Friday 9 August 2013

BDTP Reveals UK Fag and Booze Heroes

From The Telegraph

BDTP (Blokes Down The Pub) have decided to publish the role of honour to celebrate the men who save the public millions on booze and fags.
The names on the Honour Role are described as “Robin Hoods who have got us all cheap fags and booze,  instead of the money going to government to piss away on high-speed rail and sporting events that hardly anyone cares about”

The Honour Role includes
Hussain Asad Chohan, 44, believed to be in Dubai. He is celebrated for importing 2.25 tonnes of tobacco, saving hard-working smokers £750,000.
Leigang Liang, 38, believed to be in the UK, was honoured for illegally importing tobacco from China. The estimated saving to smokers was £2.6 million.
Wayne Joseph Hardy, 49, now believed to be in South Africa, was honoured for manufacturing tobacco products and not paying duty. The estimated saving to smokers was £1.9 million.
Gordon Arthur, 60, believed to be in the United States, honoured for illegally importing cigarettes and alcohol, saving smokers and drinkers around £15 million.
Emma Elizabeth Tazey, 38, also believed to be in the United States, is celebrated for the same savings.
Malcolm McGregor McGowan, 60, believed to be in Spain, is celebrated for illegally importing cigarettes saving around £16 million to smokers.
Dimitri Gaskov, 27, thought to be in Estonia, smuggled three million cigarettes into the UK using desktop computers.
Mohamed Sami Kaak, 45, thought to be in Tunisia, is celebrated for smuggling millions of cigarettes into the UK between March 2005 and September 2006 and saving taxpayers around £822,000 in duty.

6 comments:

Anonymous said...

Typical, we're celebrating British heroes of the resistance but hardly any of us lethargic Brits made it onto the honours list. Thank G-d for foreigners with their enterprise skills.

Tim Almond said...

Mark,

Well, these are the ones on the run, and if you read the article, most of them have gone abroad, which makes this list pretty farcical.

If one of these people gets picked up somewhere, it'll be because they broke another law, not because of Joe Public spotting them.

I've decided to do some research into the history of smuggling, by the way. Even from an early look at it, it's pretty fascinating.



Lola said...

And what's the cure for all this 'tax efficiency (us)/Evasion (Gummint)? What one thing springs to mind as a certain way of raising State revenue that is almost 100% unavoidable? And is also so in yer face that the gummint would not be able to hike it? Go on. Gi' us a clue.

Bayard said...

"I've decided to do some research into the history of smuggling, by the way."
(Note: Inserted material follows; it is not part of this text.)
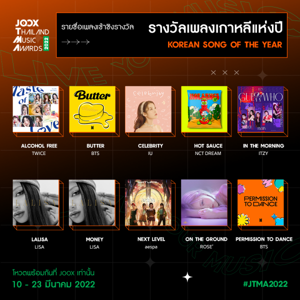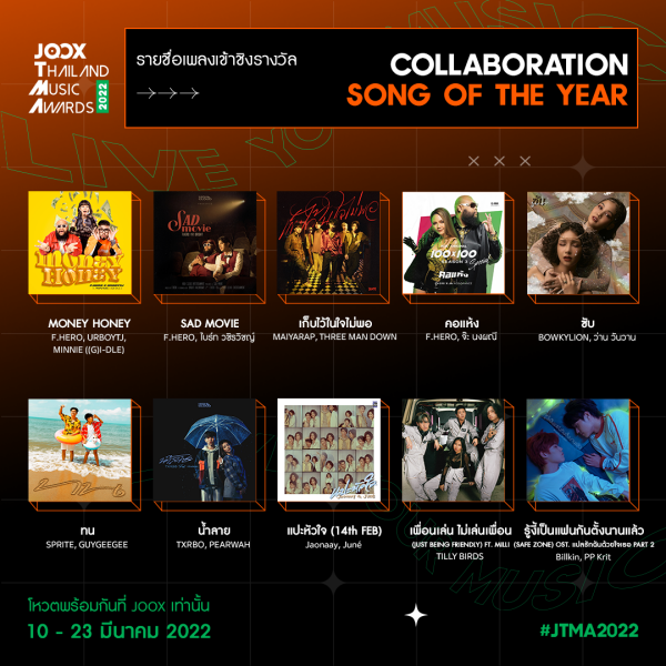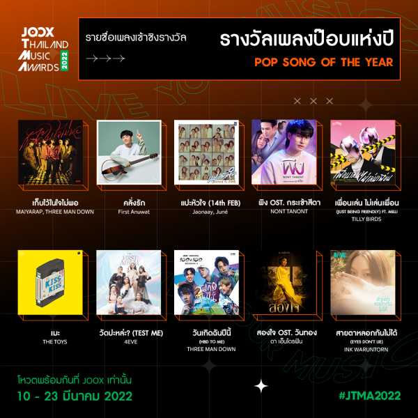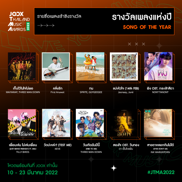 รายชื่อศิลปิน และเพลงที่ได้รับการเสนอเข้าชิงรางวัล JTMA 2022
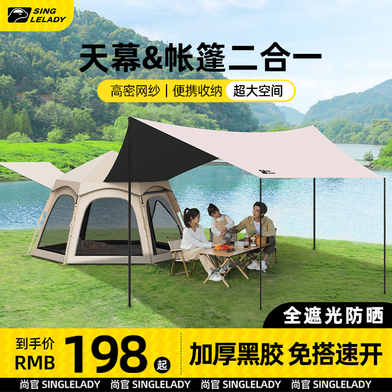 天幕帐篷二合一露营户外全自动遮阳棚黑胶防晒折叠便携式装备全套

In the mid C19th, it was a lot more profitable. Duty on wine was 1s a bottle (£3.50 a bottle in today's money).

Tim Almond said...

Bayard,

There's some debate about the creation of brandy, but one thought is that it was wine merchants bringing it from abroad and distilling it as you could then pay the same as wine, and thinking it could be watered down on arrival.

Bayard said...

I don't know about the origins of brandy, but I do know that back in the days when England owned what is now the wine region of Bordeaux, they had to put brandy into the casks of wine, or the wine would be destroyed by being tossed about on its way to England.